Maryland’s Biometrics Bill Fails to Strike the Right Balance for Privacy and Innovation

February 18, 2022

As Congress continues to delay passing comprehensive federal data-privacy legislation, state and local governments are attempting to fill in the gaps, with mixed results for businesses and consumers. Like many other states and cities across America, Maryland has turned its attention to biometrics technologies, including facial recognition and other technologies that identify individuals using their unique physical characteristics. While Maryland’s proposed legislation to establish rules surrounding the use of biometrics technologies is a step ahead of other localities’ attempts to outright ban its use, the bill fails to strike the right balance between privacy and innovation.

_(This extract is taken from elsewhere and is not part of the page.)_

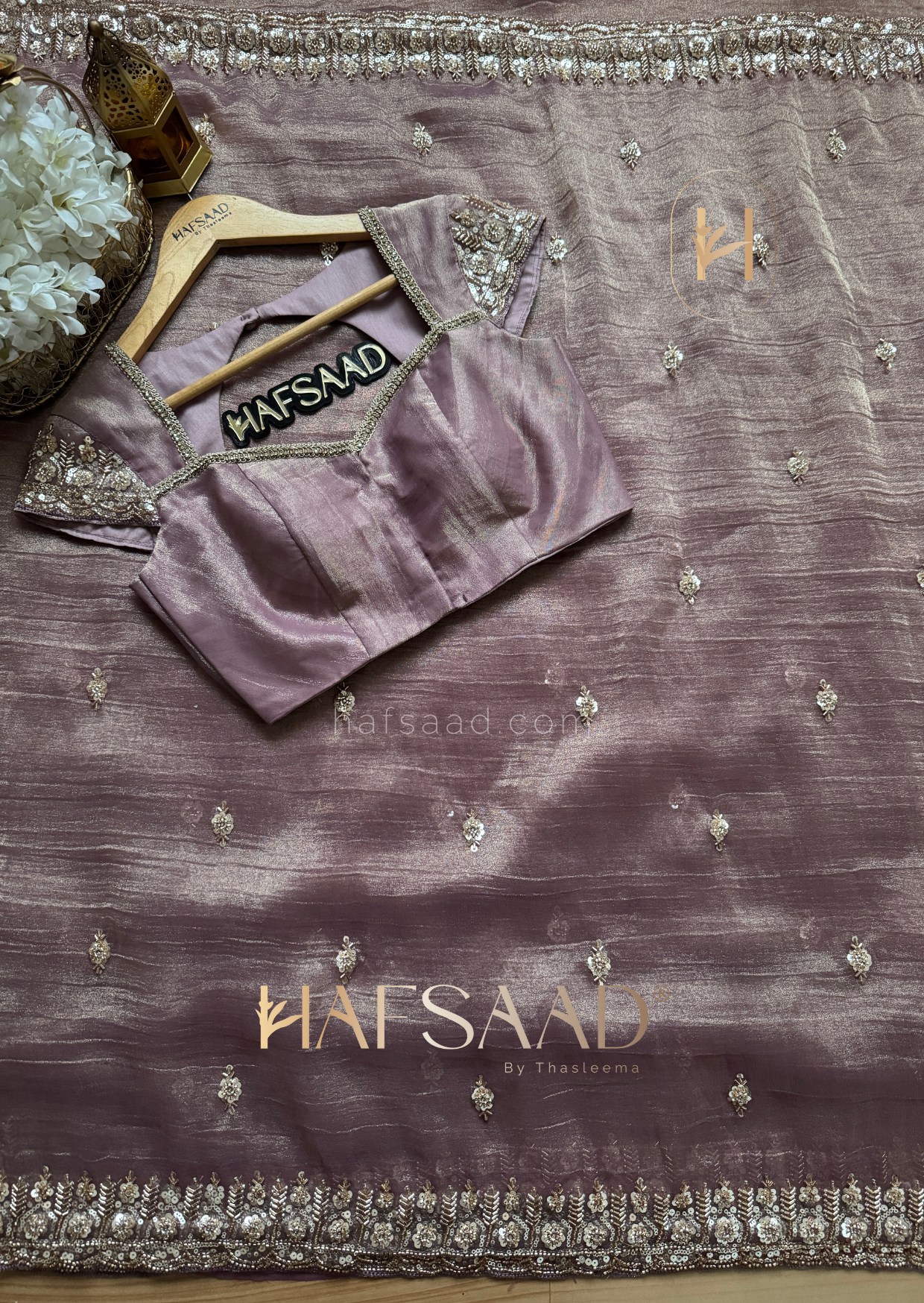 Amara- Crushed pure tissue silk saree (British Rosegold)

Maryland’s Biometric Identifiers Privacy Act (BIPA) would require that companies obtain consent before collecting biometric information and tell consumers what information is being taken and stored and for how long. It would also ban companies from profiting off of consumers’ biometric information, create rules for when companies must delete this information, and establish a private right of action, allowing consumers to sue companies that break the rules even if there is no harm.

Some of these rules would increase consumer privacy without placing an undue burden on businesses. For example, transparency rules—requiring companies to disclose what information they collect, how they store that information, and how long they store it—would allow consumers to make informed decisions about their personal data. However, other rules laid out in BIPA would negatively affect Maryland’s data economy.

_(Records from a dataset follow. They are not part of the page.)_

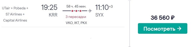 Есть еще более дешевый вариант авиаперелета, но он одновременно более долгий и менее комфортный (три пересадки). Дорога до Саньи займет 2,5 суток. Авиаперевозчики: «ЮТэйр», «Победа», S7, Capital Airlines. На стыковки в Москве, Иркутске и Пекине уйдет около двух суток. Билеты — от 36500 рублей (цена актуальна за 1,5 месяца).
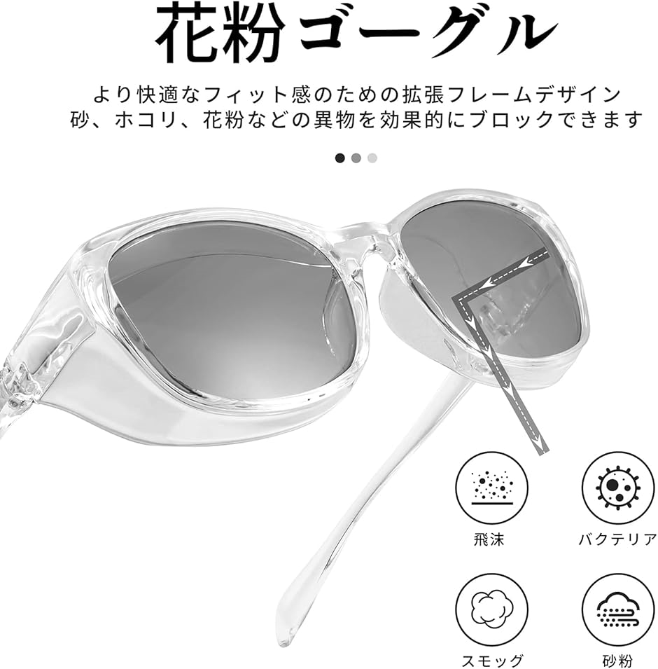 ・「花粉対策 」花粉やホコリからやさしく目をガードします、花粉やホコリをしっかり防ぐゴーグルタイプの花粉メガネです
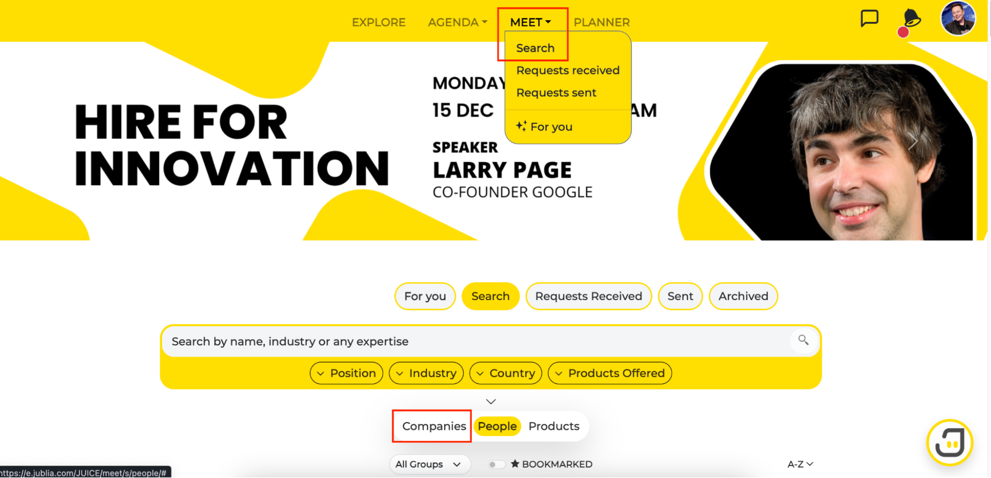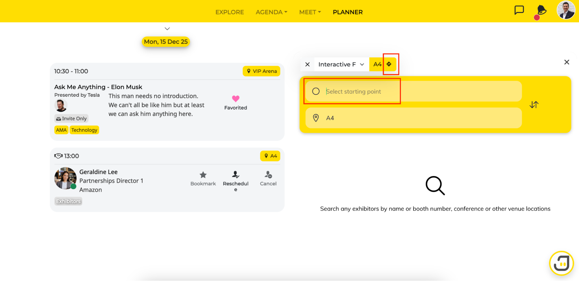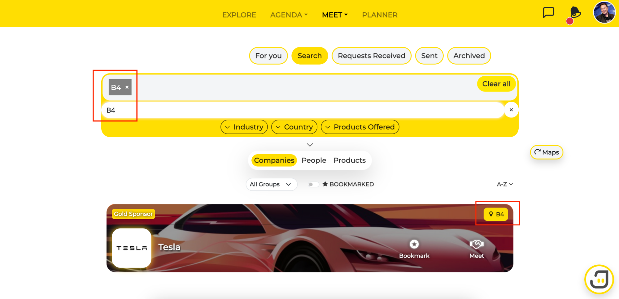 Alternatively, search for the company’s booth in the search bar by keying in the booth name or number.

First, requiring that businesses obtain written consent to collect consumers’ biometric information—an opt-in requirement—is costlier than the alternative, an opt-out requirement, and these expenses are passed on to consumers. But it does not provide greater privacy protections to consumers since either way individuals can choose whether to share their information.

Second, a private right of action is even costlier, subjecting companies to a flood of expensive lawsuits, often with minimal payouts for actual consumers. In Illinois, where a similar law has been on the books, companies have been subject to over a thousand class action lawsuits. Even when these lawsuits have no merit, companies must pay lawyers long enough for the lawsuits to be dismissed. The only people who benefit from this arrangement are privacy lawyers.

Even if Maryland’s proposed law did not contain an expensive opt-in requirement and private right of action, addressing data privacy on a state-by-state and issue-by-issue level is an inefficient approach. A single, comprehensive federal data privacy law that addresses all forms of personal data, including biometrics, and applies nationwide would make compliance easier for businesses and provide all Americans with the same level of privacy protection. But as long as Congress drags its feet on passing any such legislation, state and local governments will continue to pass legislation of their own that, like BIPA, often fails to consider the potential economic impact of new regulations.